Il Consiglio federale sostiene la collaborazione tra il Cgcf, ossia l'Amministrazione federale delle dogane (AFD) e i cantoni, nell'ambito degli accordi bilaterali relativi all'assunzione di compiti di polizia secondo l'articolo 97 della legge del 18 marzo 2005 sulle dogane (RS 631.0), sempre che tali compiti siano in relazione a quelli originari del Cgcf (AFD). In primo piano vi è il guadagno sul piano delle sinergie. Laddove possibile, l'autorità che effettua gli accertamenti deve poter sbrigare in modo autonomo i casi, ai sensi di un'economia procedurale, senza coinvolgere anche un'altra autorità. Ciò permette di evitare tempi di attesa e doppioni ed è nell'interesse di entrambi i partner.

Il Cgcf lavora già ora a stretto contatto con i cantoni che lo auspicano, senza però limitare la loro sovranità in materia di polizia. Il Cgcf supporta in particolare i cantoni nell'ambito dei controlli mobili per quel che riguarda le misure sostitutive nazionali in relazione a Schengen. Il Cgcf si assume però solo i compiti di polizia correlati ai disposti di natura non doganale che già gli assegnano determinate competenze (p. es. nell'ambito degli stupefacenti e della migrazione illegale). Ciò anche poiché il Cgcf opera in tutti e tre gli ambiti menzionati dall'autore della mozione ed è dunque confrontato con una vasta gamma di esigenze.

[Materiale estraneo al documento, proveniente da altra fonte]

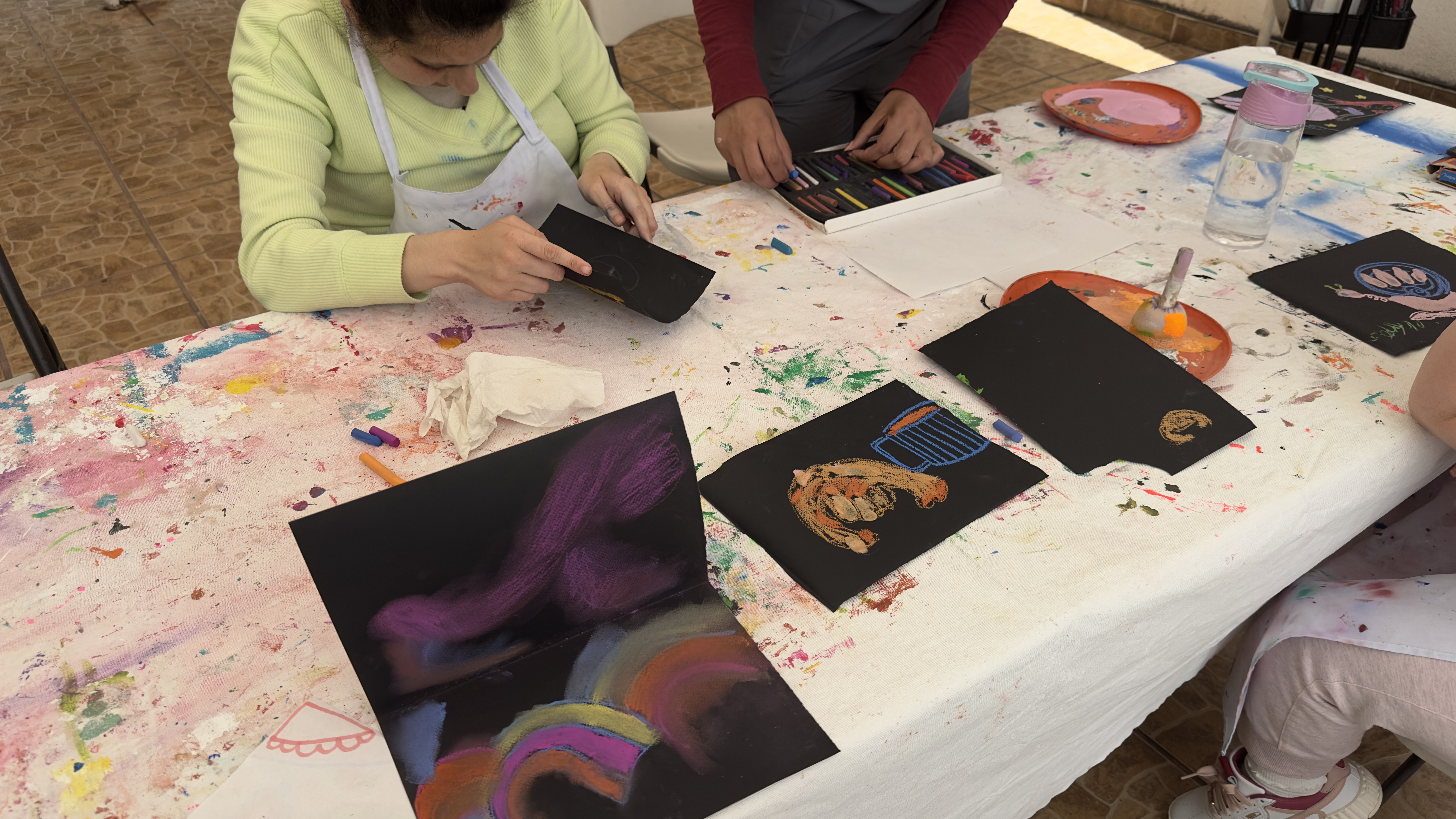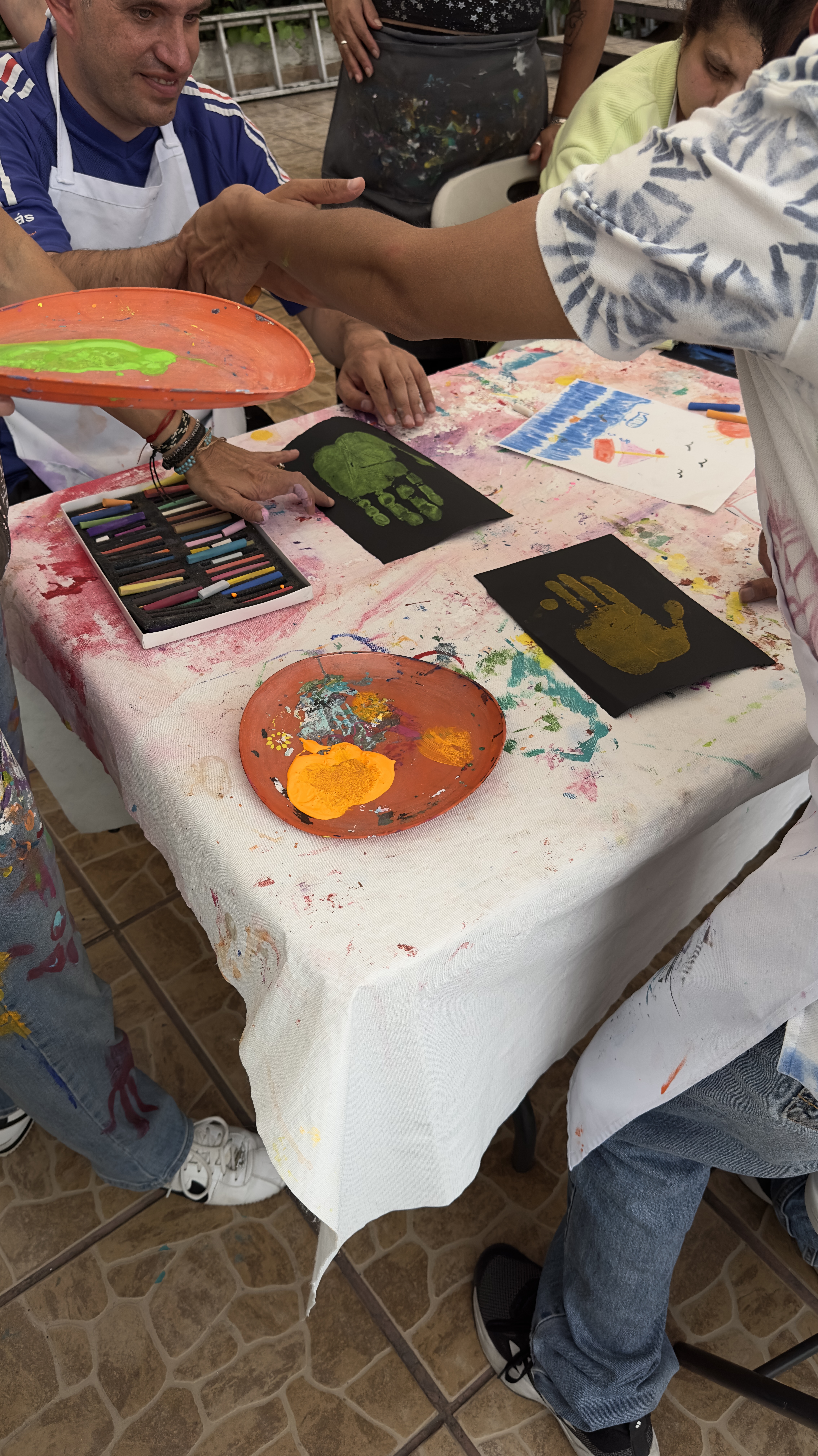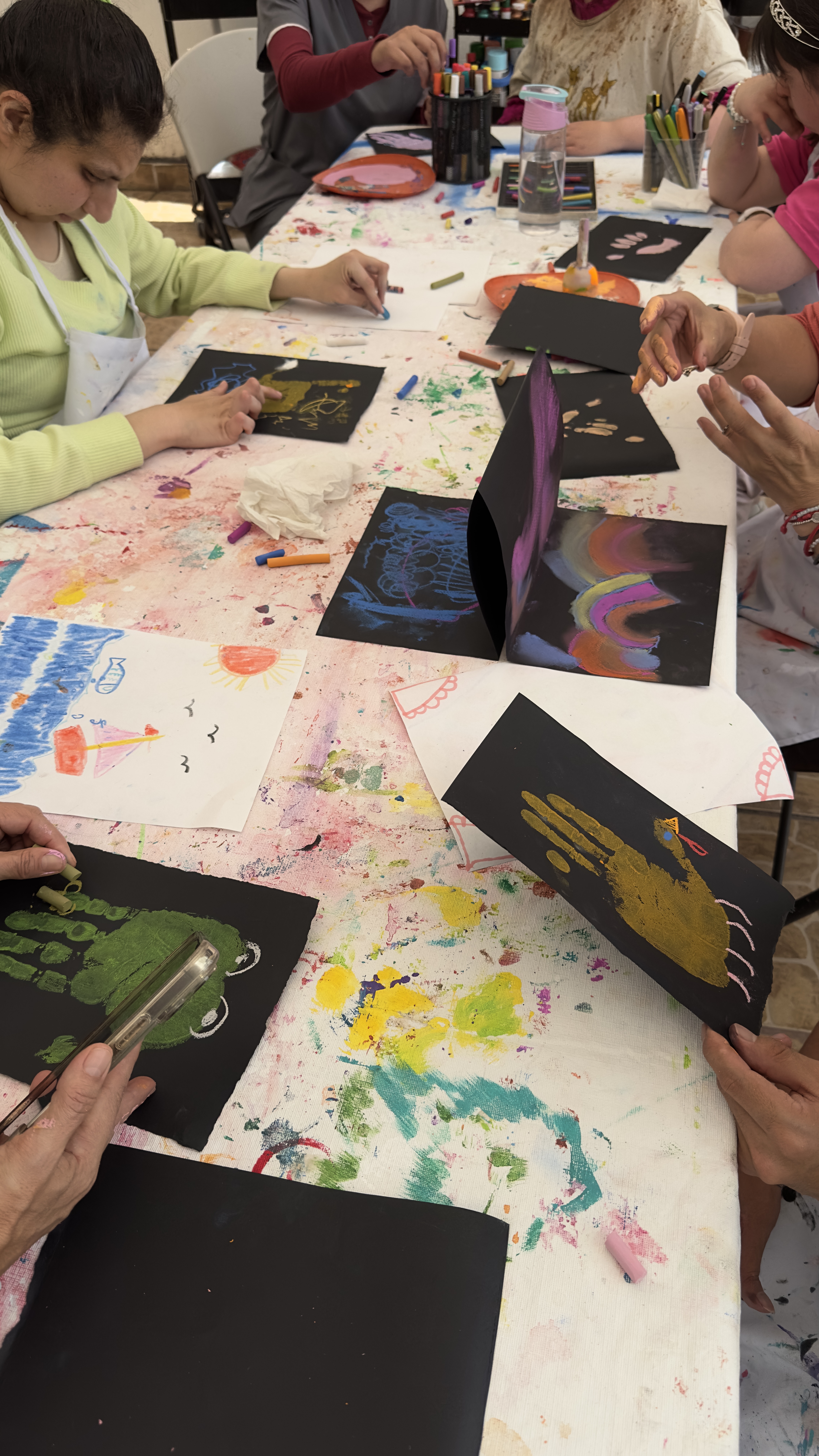 Finalmente, en hojas individuales, cada participante imprimió su mano con pintura acrílica y dibujó basándose en esa forma. Fue interesante notar que no todos los participantes imprimeron su mano de la misma manera - algunos en forma de puño y una participante, en sus palabras, “en forma de cuernito”.

Nel canton Ginevra il Cgcf si assume i compiti di polizia in un'area di confine definita, la quale costituisce una parte importante del territorio cantonale, e garantisce i controlli delle persone alle frontiere esterne dello spazio Schengen nell'aeroporto di Ginevra. In tal modo esso sgrava la polizia cantonale di Ginevra, la quale può così concentrare le sue forze in altri ambiti. Nel caso del canton Ginevra il summenzionato principio dell'economia procedurale potrebbe essere ulteriormente migliorato se il Cgcf potesse denunciare direttamente al pubblico ministero determinati casi, senza doverli previamente passare alla polizia cantonale. Per fare ciò il canton Ginevra, e non la Confederazione, dovrebbe modificare le sue basi legali.

Il Consiglio federale non dispone di alcuna indicazione relativa al fatto che la maggioranza dei cantoni auspichi cedere alla Confederazione competenze che toccano la sovranità cantonale in materia di polizia. Occorrerebbe inoltre rispettare i confini costituzionali. Nell'ambito della polizia di sicurezza la Confederazione dispone solo di competenze limitate. Come illustrato dal Consiglio federale nel suo rapporto in risposta al postulato di Malama 10.3045, "Sicurezza interna: chiarire le competenze", del 3 marzo 2010, le competenze dell'AFD (Cgcf) per l'esecuzione del diritto federale devono risultare dalle prescrizioni delle leggi federali piuttosto che dagli accordi tra i cantoni e l'AFD. Nel quadro della futura consultazione relativa alla revisione della legge sulle dogane, il Consiglio federale presenterà, tra l'altro, un adeguamento dell'articolo 97, che definisce in modo più chiaro le possibilità di delega dei cantoni.

Il Consiglio federale propone di respingere la mozione.